Me likey, but me no get one...


----------



## oldtimer (Jun 10, 2010)

backstay said:


> Anybody use a Drill Spotter? I've had one for a few years and would be without it.


 I would be without it too!!:laughing:


----------



## MDShunk (Jan 7, 2007)

What's it do? Keep you from drilling into a rebar?

The tool I know as a drill spotter is something you use in a milling machine.


----------



## B4T (Feb 10, 2009)

MDShunk said:


> What's it do? Keep you from drilling into a rebar?
> 
> The tool I know as a drill spotter is something you use in a milling machine.


Nothing worse than using a core bit and hitting rebar.. it sounds like an explosion.. 

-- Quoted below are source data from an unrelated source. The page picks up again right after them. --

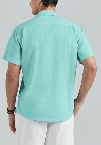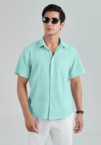 HISDERN Linen Cotton Shirts for Men Short Sleeve Casual Summer Button Down Shirt Beach Vacation Shirt with Pocket 6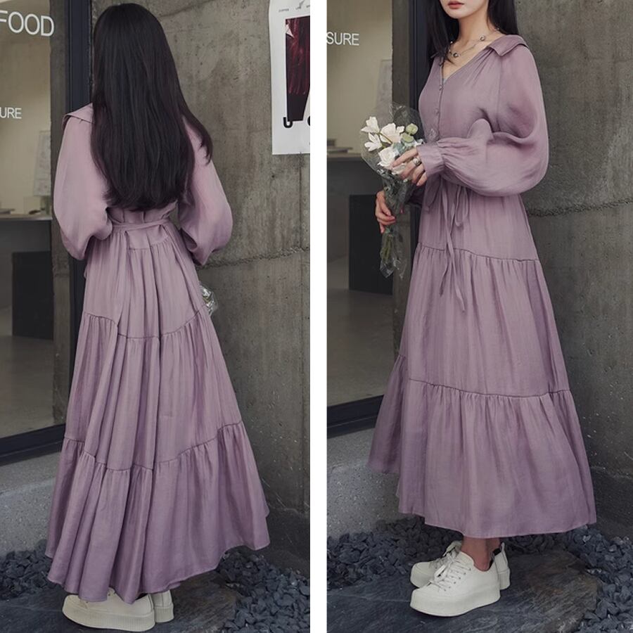 レディース ワンピース Vネック ティアード ロング丈 長袖 春 S M L XL パープル AS10934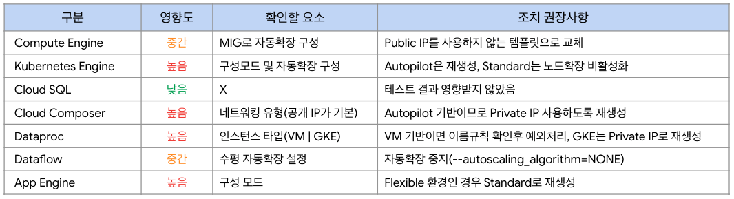 조직 정책이 적용되어 있을 때 이미 Public IP를 사용하도록 설정된 서비스가 있을 때 어떤 문제가 발생하는지 테스트했고, 각 서비스별로 어떤 설정들을 확인해봐야 하고 어떤 조치를 취해야 하는지 아래 표로 간단히 정리했습니다.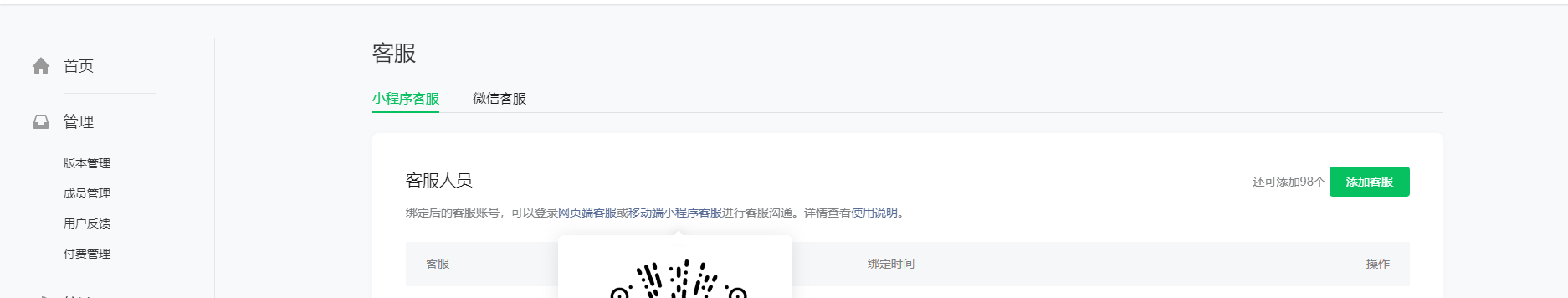 你再仔细看下文档,应该很清晰了,先把思路定位到微信文档上,然后再看看自己的需求是否一样https://developers.weixin.qq.com/miniprogram/introduction/custom.html#%E7%BB%91%E5%AE%9A%E5%AE%A2%E6%9C%8D%E4%BA%BA%E5%91%98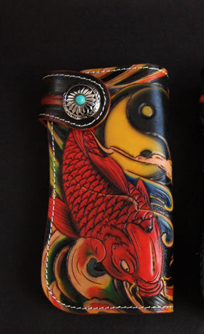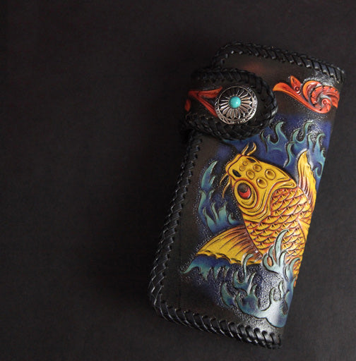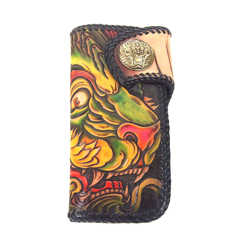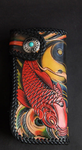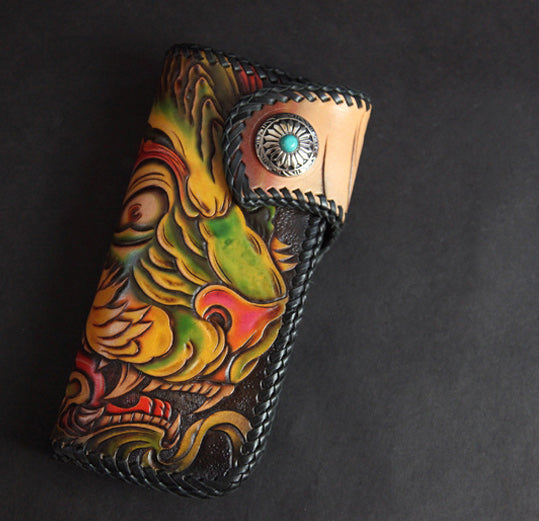 Style: Carved Handmade Leather Mens Long Wallets Card Wallet Clutch Wallet For Men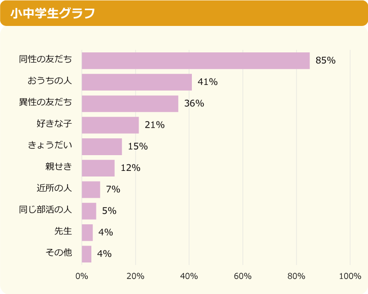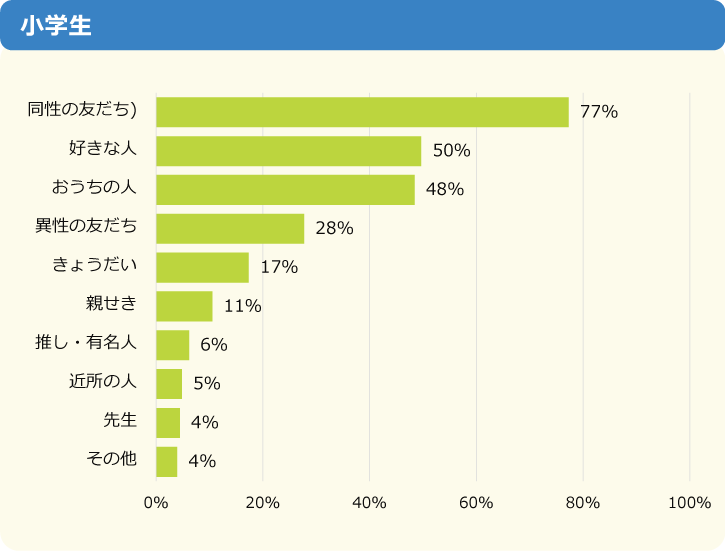 今年のバレンタインデーにチョコやお菓子をあげると答えた人は全体の75%となりました。誰にあげるつもりなのかについては、「同性の友だち」が全体の78%と1番多く、次に「好きな人」「おうちの人」と続きました。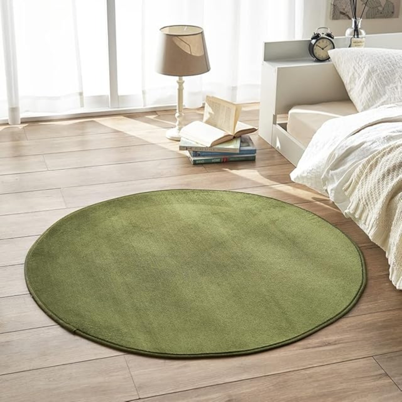 アイリスプラザ フランネルラグ グリーン 円形 100㎝ 滑り止め付き ラグ 洗える ラグカーペット マット カーペット対応 防ダニ フランネル さらフワ触感 おしゃれ 北欧 じゅうたん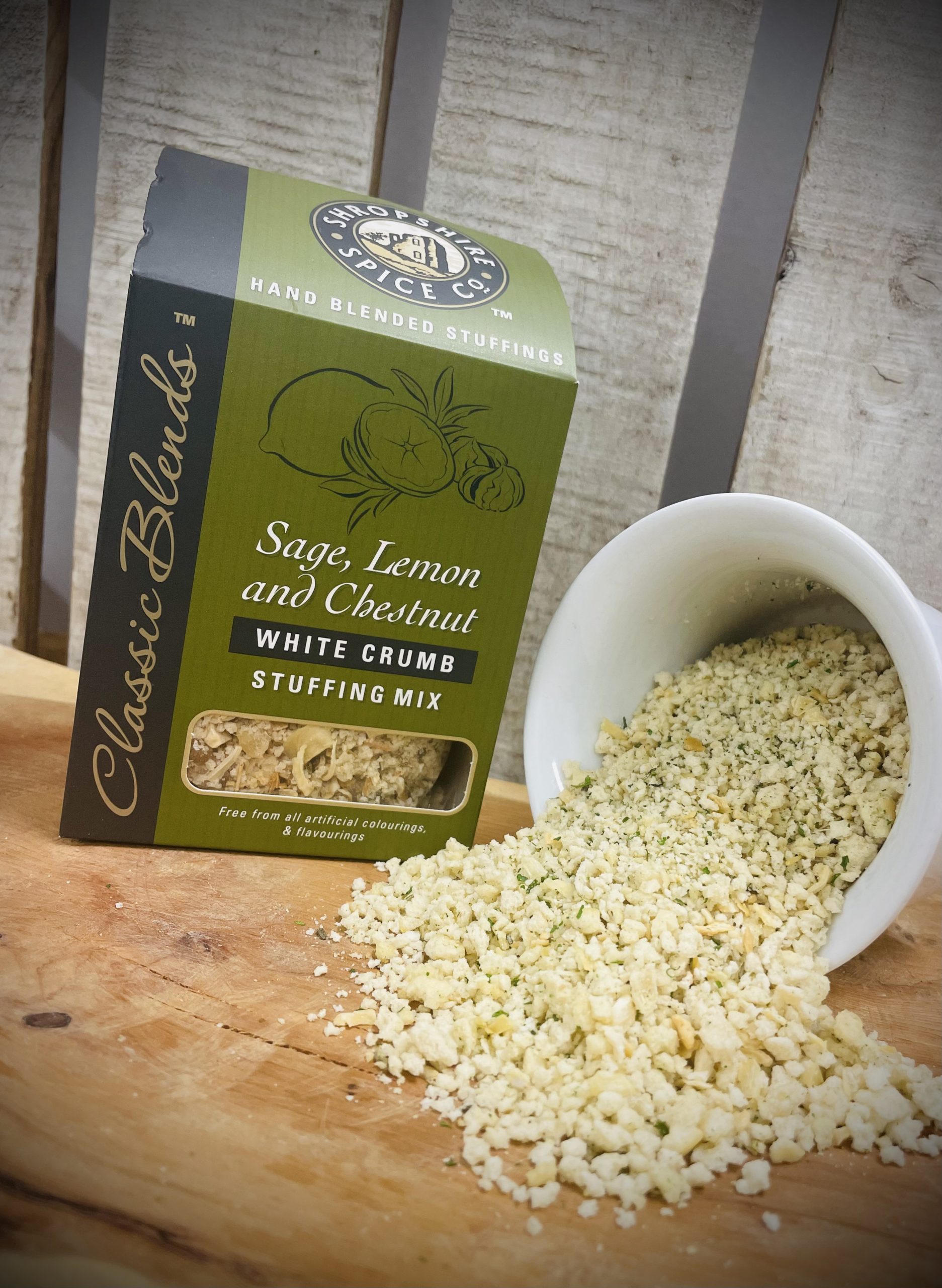 Shropshire Spice Co Hand Blended White Crumb Stuffing Mix with Sage, Lemon and Chestnut.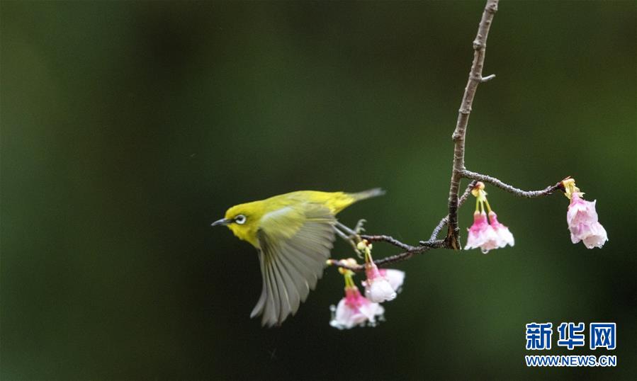一只繡眼鳥在福州國家森林公園內的櫻花枝頭飛舞(1月18日攝)。 近日,福建省福州市多家公園相繼開放的櫻花,吸引不少小鳥嬉戲飛舞,成為冬季榕城的一道風景。 新華社記者 梅永存 攝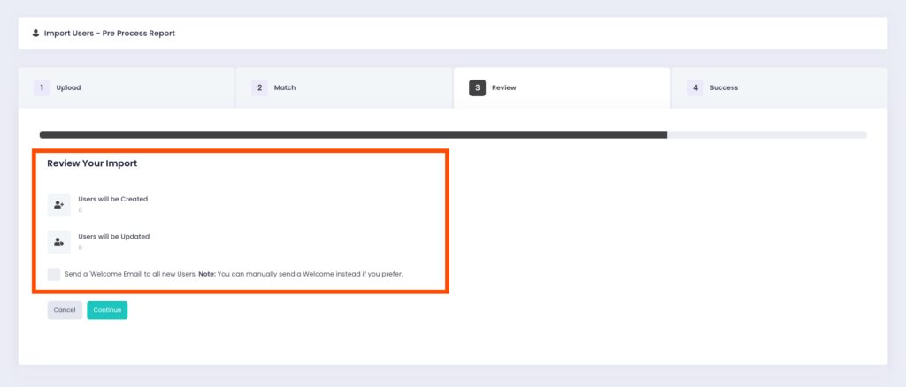 -At this stage, you can choose to send a welcome email to the new users immediately or decide to send it manually later from the User List.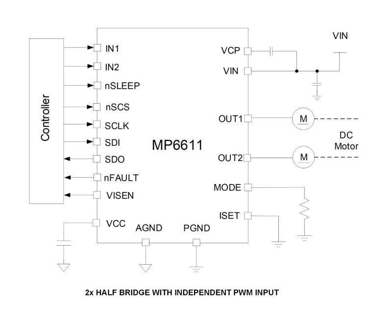 For the MPQ6611-AEC1, control of the outputs is accomplished through the IN1/ENBL/PWM and IN2/DIR/EN pins, through the serial interface, or a combination of both. A mode pin is used to set the control modes, such as the input signal logic (IN1/IN2, DIR/ENBL, or independent pulse-width modulation (PWM)).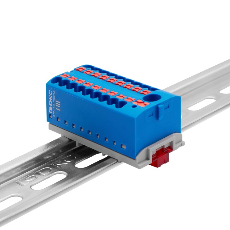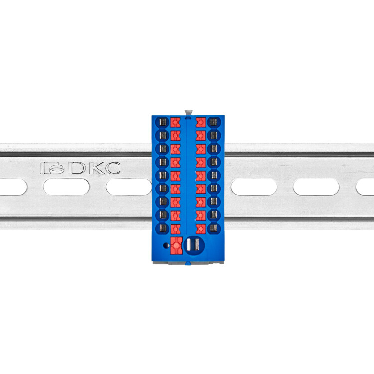 Распределительный блок с push-in зажимом и вертикальным адаптером предназначен для удобного и безопасного распределения потенциала между несколькими цепями. Имеет один ввод для проводников сечением 6 мм² и восемнадцать точек подключения по 2,5 мм². Монтаж выполняется без инструмента, установка возможна на DIN-рейку шириной 15 или 35 мм. Корпус изготовлен из полиамида 6.6 с классом горючести V0 по UL-94, обеспечивающего надежность и термостойкость. Габариты (В×Ш×Г) — 21,7×56,9×28,8 мм, цвет — синий.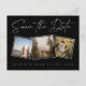Minimal Black White Photo Collage Wedding Save the Date. Elegant and modern, this black and white photo collage Save the Date postcard features three custom images and clean script typography. Ideal for chic or formal weddings with a minimal design aesthetic. A timeless look for stylish couples.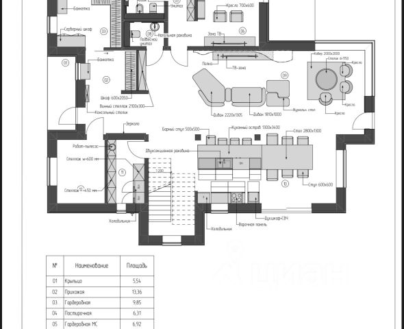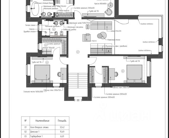 Общие помещения: прихожая (11,1), гардеробная (7,2), холл (28), каминный зал (45), столовая (29), кухня (22,1) с выходом на террасу (22,3), гостиная (74,4) с выходом на террасу (9,8), кабинет (12,8) с кладовой (1,5), гостевой с/у (1,5), зона спа с бочкой (10,5), сауна (6,9) с душевой (2,3), гараж на 3 м/м (71,3).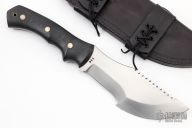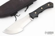 This is a WSK Tracker made by Dave Beck. It features a hand rub satin finished blade with self-cleaning sawteeth on blade spine. Black linen micarta scales. Full tapered tang construction with .235" blade stock and 2.420" blade depth. Set includes original Dave Beck black leather sheath. Tracker is stamped "BECK" on ricasso. Excellent condition.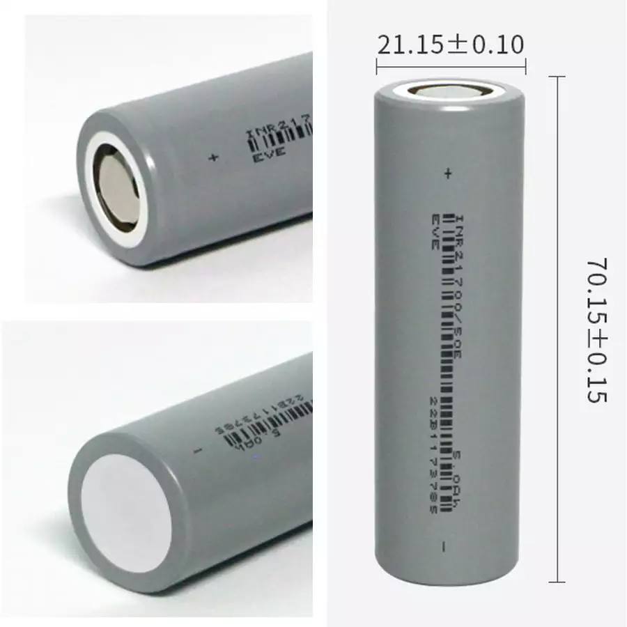 亿纬锂能 50E 21700 锂离子电芯属于圆柱形钢壳电芯,与 14500、18650、26650 等常见的圆柱形钢壳电芯采用相同的命名方式。其中“21”代表其直径 21mm,“700”代表其长度为 700mm,实测直径 21.15±0.1mm,长度 70.15±0.15mm。正极采用四爪顶盖,平底设计,是近年来很常见的一种高容量电芯规格。
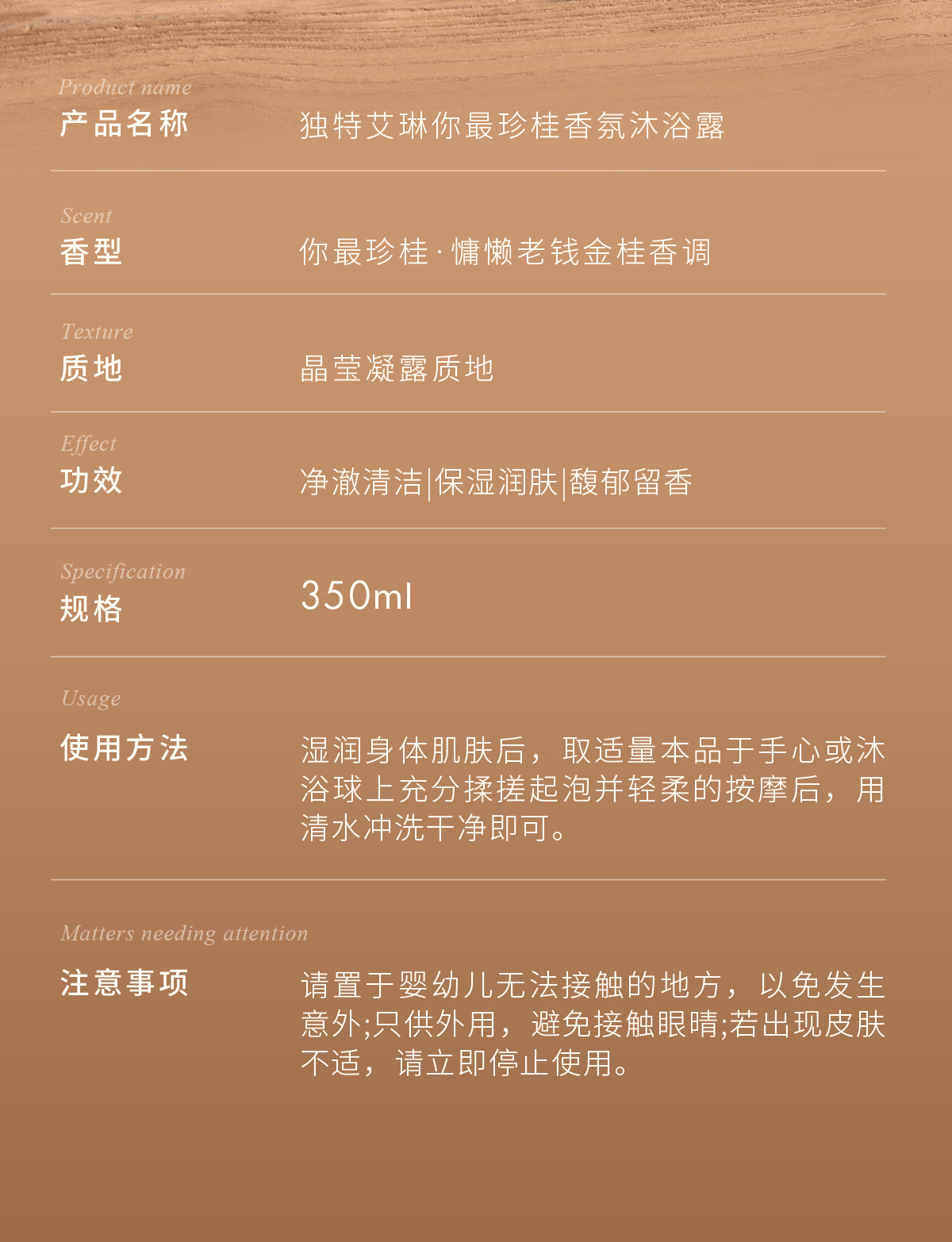 【侯明昊同款丨你最珍桂】DearIrean 独特艾琳你最珍桂全身保湿清洁沐浴露350ml(官方自营)

I have never seen a sensor that detects it buried deep in the concrete


----------



## MDShunk (Jan 7, 2007)

B4T said:


> Nothing worse than using a core bit and hitting rebar.. it sounds like an explosion..
> 
> I have never seen a sensor that detects it buried deep in the concrete


I have a Milwaukee sub-scanner that reliably finds rebar. I don't mind so much when core drilling; that will normally saw right through. It's the regular hammer drill bits that rebars really stop dead. I have a 1" hammer drill bit specially for going through rebar. It's called something like rebar beaver or something like that. I forget, actually. I've used it a couple dozen times, maybe.


----------



## macmikeman (Jan 23, 2007)

There used to be a company in Dallas that made a device that used a portable gfi outlet hooked to a circuit board that would trip the gfi a half inch before the concrete spline bit would hit rebar or more importantly copper water pipes. The termite guys around here all used them when drilling the driveways before squirting bug juice down the holes.. I wish I had bought one of those before they went out of business. 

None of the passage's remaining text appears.